Patti Rogers, in her favorite gray suit with a black silk blouse beneath, strode with purpose into the Special Situations bullpen at the J. Edgar Hoover Building. Though she’d barely slept, Rogers had been up early, ready to go — or anyway, ready after grabbing a tall coffee from the Starbucks in the lobby of her apartment building.
First order of business: talk to the team’s resident computer expert, Miggie Altuve, who was as good at his specialty as anybody the FBI had.
He was in the office next to hers, at the back, first in, the other desks empty. He was using his private tablet, not his work computer. The small space had windows onto the street, his door always open because he could focus in a hurricane, and anyway, he was always welcome for more input.
“Hey you,” she said, strolling in without knocking on the jamb.
“Hey you,” he said, not looking up.
While his razor-cut hair was “Werewolves of London”-perfect, his navy suit coat was already draped haphazardly over the back of his desk chair, the sleeves of his white shirt rolled up a couple turns. Formerly a pudgy nerd, Miguel Altuve had lost weight and ditched his wire-frame glasses, but inside this handsome, diminutive man a nerd still lurked. Right now his eyes were red-rimmed — likely his contacts had been in too long — and his dark complexion looked uncharacteristically sallow.

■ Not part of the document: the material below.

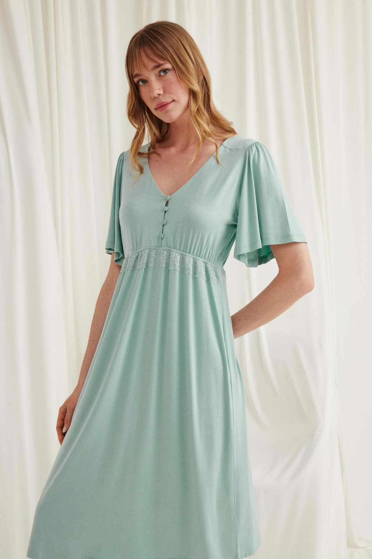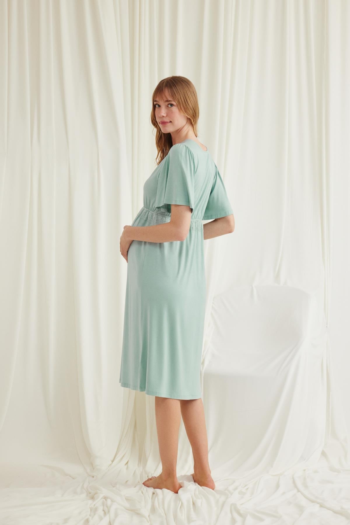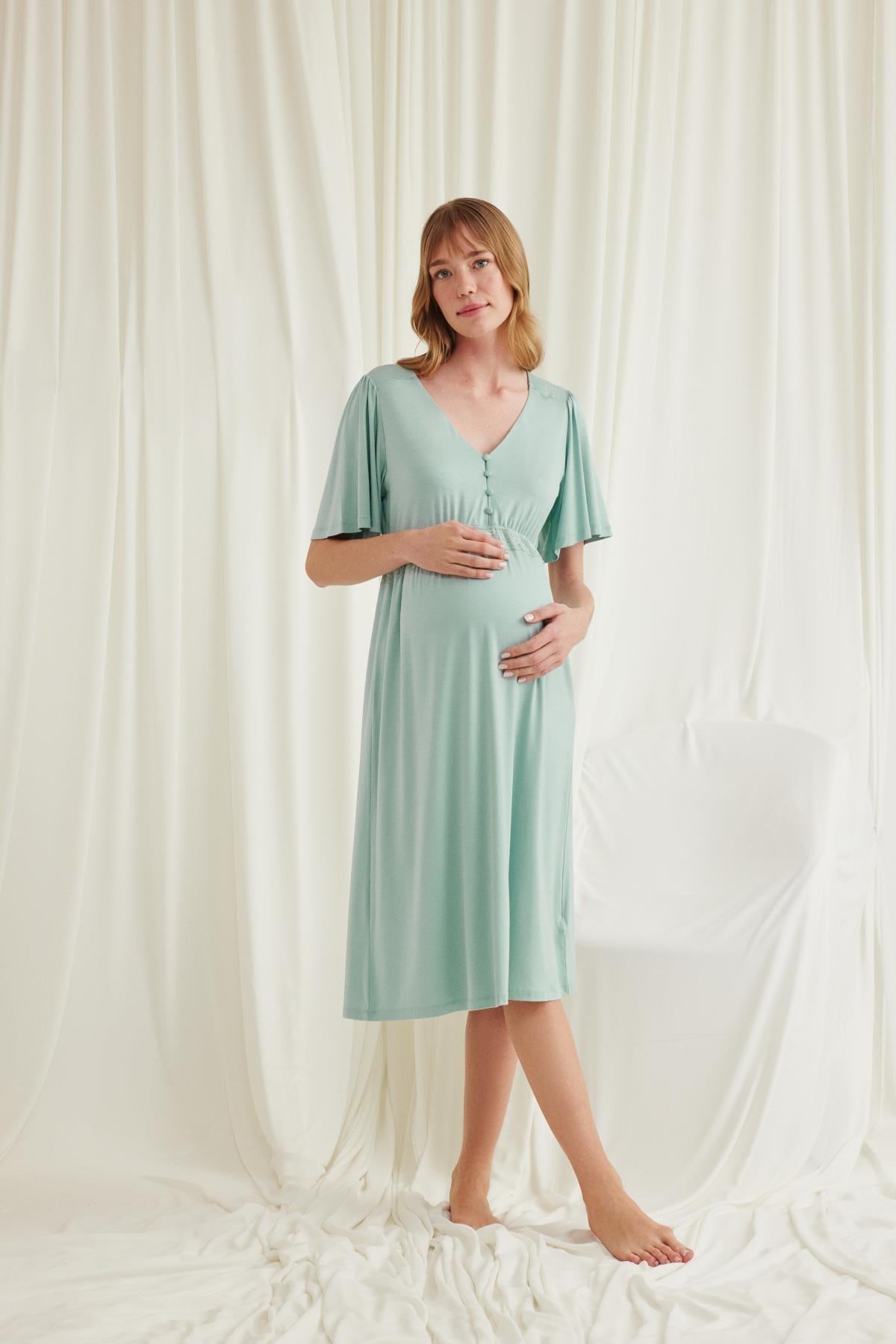 Gecelik: Açık Yeşil renklidir, V yakalıdır, kolu ve beli dantellidir, yakasının altı düğmelidir, emzirme için düğmelerden açılır durumdadır, kısa kolludur, örme kumaştır. Materyal %94 Viskon %6 Elastan

She lowered herself into the chair alongside his desk. “How long have you been up?”
“Twenty-four... uh, twenty- six hours.”
She almost felt guilty, having dropped Reeder’s suspicions on Miggie last night... using the burner phone of course. Almost guilty.
“No sleep at all?” she asked.
“I was working,” he said, as if that explained it, and actually it did. “I napped for an hour or two. Hey, I’m fine. My blood is thirty percent caffeine.”
“How far did you get?”
“I’m still on Tony Evans.”
Her eyebrows tried to join each other. “You spent all night tracing an alias?”
He leaned back in his swivel chair. “That was part of it. But I was also looking into the fascinating life and times of Anthony J. Wooten.”
“And just who is Anthony J. Wooten?”
With a sly smile, Miggie said, “He and Tony Evans are one and the same... at least according to the fingerprints from the DC Homicide morgue.”
She was on the edge of her seat, like a kid at a horror movie. “What do we know about the late Mr. Wooten?”
“Ex-military. Black ops stuff in Afghanistan.”
“So, he’s CIA?”
“Not so you’d notice. But clearly an asset.”
She shifted in the chair. “Okay, back up. How do you even know Wooten did ‘black ops stuff in Afghanistan’? That’s got to be classified.”
“Oh, it is. Way down deep.”
“Then you found out how?”
He folded his arms, shook his head. “We’re in that if-I-told-you-I’d-have-to-kill-you area. Or even worse, if-I-told-you-they’d-have-to-kill-me.”
“Or both of us?”
He sighed and thought for a moment. Rocking a little, he said, “Let’s just say I know somebody who knows somebody who knows somebody who could get me the answers we wanted.” He stopped rocking. “Are you planning to take this to court?”
“Not in the immediate future.”
He started rocking again. “Then we’re on a need-to-know basis... and you don’t need to know.”